Though Dr. Conrad is the voice of scientific authority in the film — a patriarchal figure Americans just love to idolize — his science appears to be nothing more than yelling at his patient and intoning titillating phrases like “manic depression.” He’s a sadist in science’s uniform — the worst kind. Is this what we fear from our doctors or what we want from them?

And are these the sort of men we should glorify? Macho tough-guys who delight in high-stakes cat and mouse games with soulless criminals? The one truly terrifying moment in the film is when Douglas calls the kidnappers’ bluff, risking his daughter’s life in the process.

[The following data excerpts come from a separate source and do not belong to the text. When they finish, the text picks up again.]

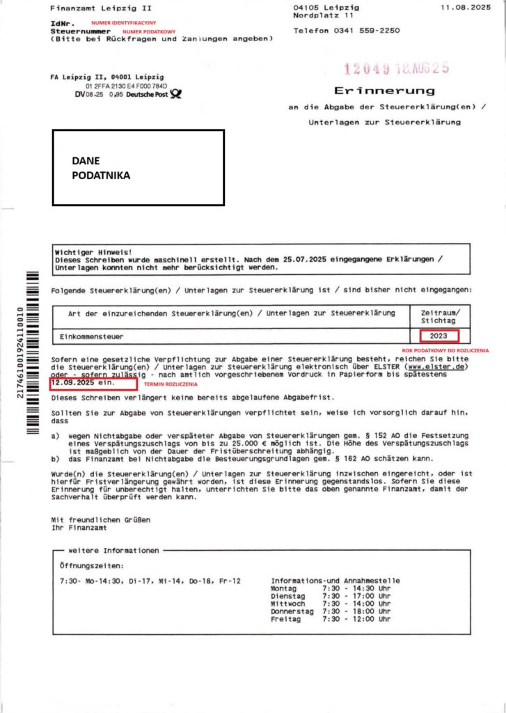 1. Obowiązek składania deklaracji podatkowej w Niemczech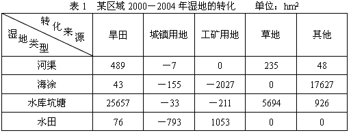 注:表中数据正值表示正向转化――湿地面积增加,负值表示逆向转化――湿地面积减少。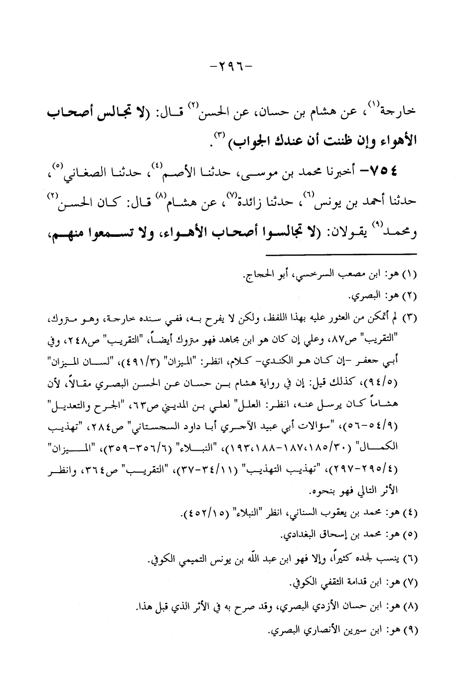 754 - أَخْبَرَنَا مُحَمَّدُ بْنُ مُوسَى حَدَّثَنَا الْأَصَمُّ حَدَّثَنَا الصَّغَانِيُّ حَدَّثَنَا أَحْمَدُ بْنُ يُونُسَ حَدَّثَنَا زَائِدَةُ عَنْ هِشَامٍ قَالَ كَانَ الْحَسَنُ وَمُحَمَّدُ يَقُولَانِ (لَا تُجَالِسُوا أَصْحَابَ الْأَهْوَاءِ وَلَا تَسْمَعُوا مِنْهُمْ
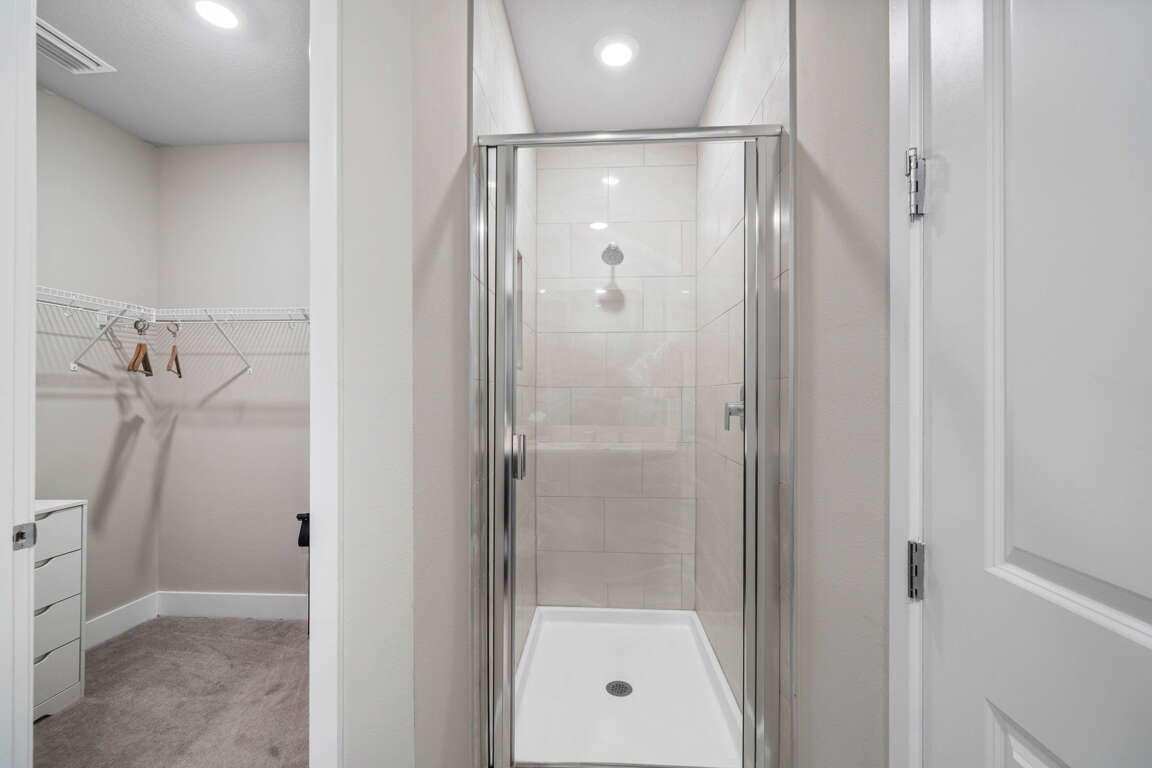 Three bedrooms are located on this level, making it ideal for multi-generational groups. Two queen bedrooms, each with wall-mounted smart TVs and LED ceiling fans, share a full bathroom with a double vanity and tub/shower combo. The primary king suite on this floor offers a private ensuite with double vanity, walk-in shower, and a closet with a laptop safe for added peace of mind.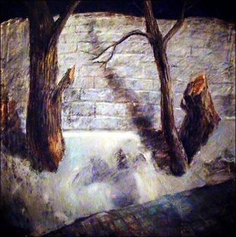 아스팔트로 포장된 통행로에 나무 세 그루가 서 있다. 아스팔트가 없다한들 제 발로 어디를 갈 수 있겠냐마는, 그림 속 나무들은 아스팔트에 의해 꼼짝없이 발이 묶인 셈이다. 제일 왼쪽에 있는 나무는 세 그루의 나무 중에 가장 굵은 기둥을 가졌다. 그러나 그의 가지는 길게 뻗지를 못하고 잘리어 있다. 제일 오른쪽에 있는 나무는 심지어 그 기둥마저 잘려있다. 그나마 그림의 가운데에 있는 나무는 양 옆의 나무들에 비하면 가장 몸이 성한 편이다. 그러나 이 나무 역시 빈약한 두께의 기둥이며, 아래로 쳐진 가지며, 그림 속 다른 나무들만큼이나 생명력이 없어 보이기는 마찬가지다.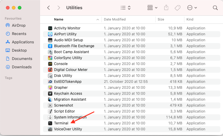 - Kõigepealt ava Terminal. Ava Finder, vali Applications > Utilitities > Terminal.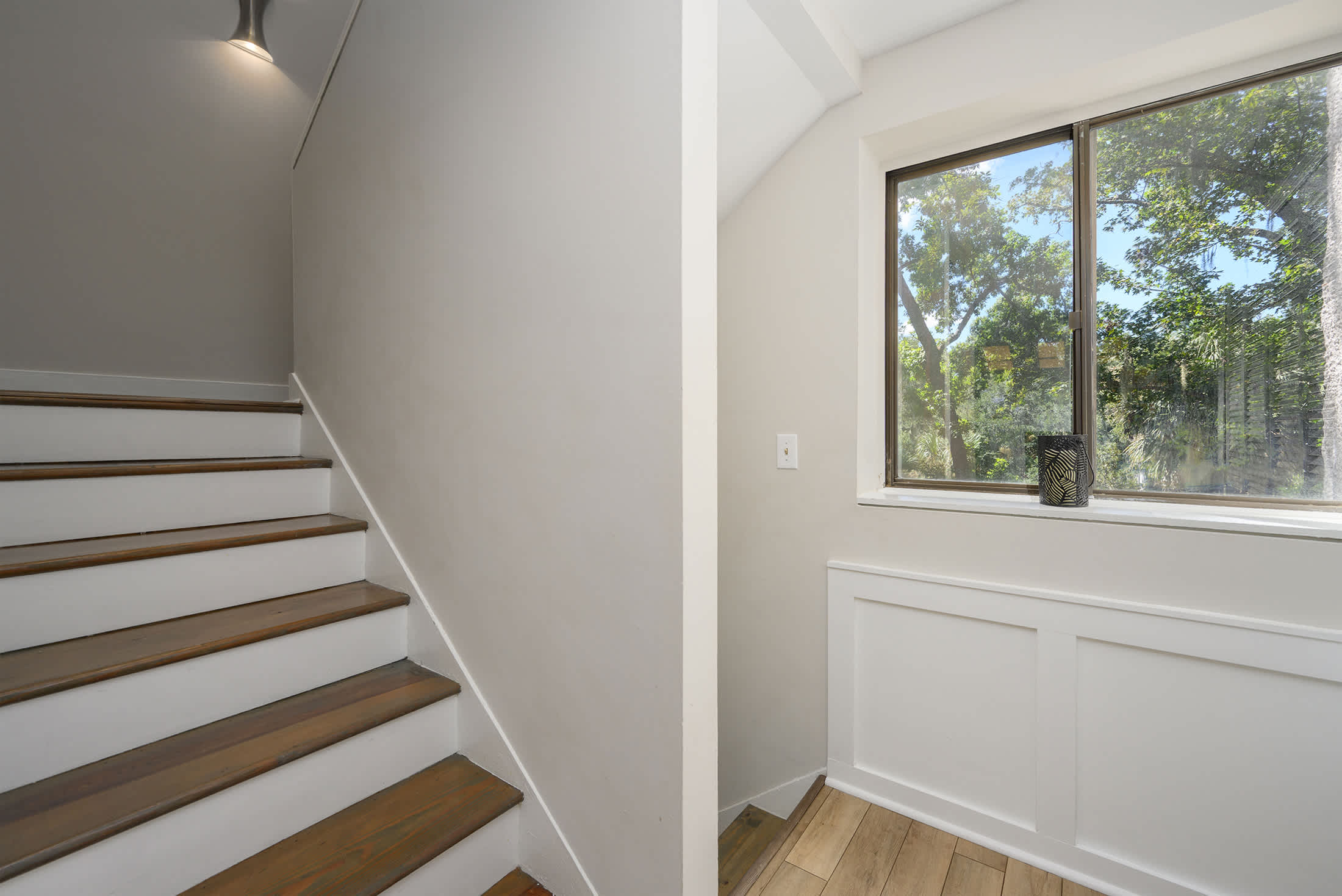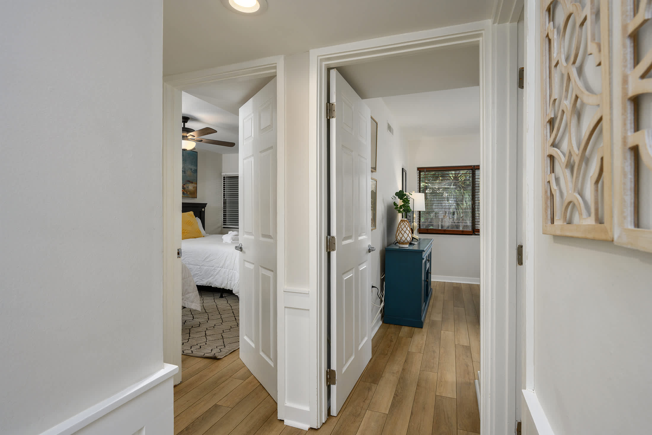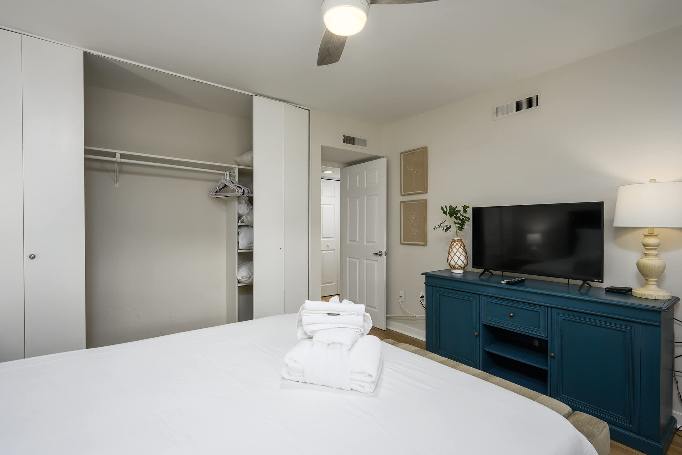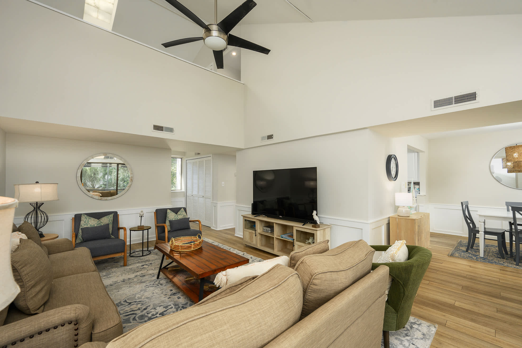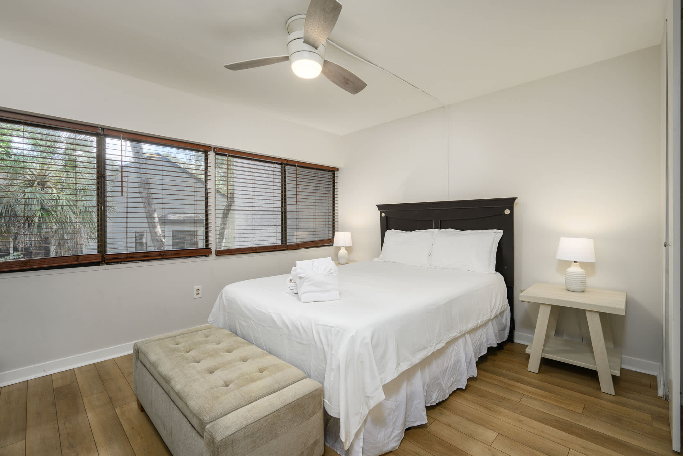 On the second level, gather for movies or board games, enjoy meals together, and step out to the outdoor seating to relax in the island air. Each bedroom features a Smart TV, and there’s a laptop-friendly workspace if you need to check in with the office. When it’s time to cool off, head to the community outdoor pool. In-unit laundry makes longer stays a breeze, and on-site parking keeps arrivals simple.

It betrays a great flaw in American society that our heroes are more moxie than morals. It is the great flaw of this film that such mainstream values are so happily and blindly sutured into the narrative.

We meet Dr. Conrad as he is lecturing a young male client on Freud. Fine. If we’re going to talk Freud, let’s talk Freud. Sigmund wrote about the repetition compulsion, the need to repeat over and over the cycle from excitation to repose, such as from sleep to wake, desire to orgasm, etc. But repetition compulsion is the tendency of an instinct, which according to Freud, is characterized by being conservative and regressive — precisely the features at play in the Hollywood formula.

So go see the damn film already. Enjoy the conservative, regressive, repetitive narrative. Soak in the satisfying journey from excitement to repose as you’ve done time and time before.

But realize that in doing so, you’re indulging the very lowest aspect of your human nature. Shame on you.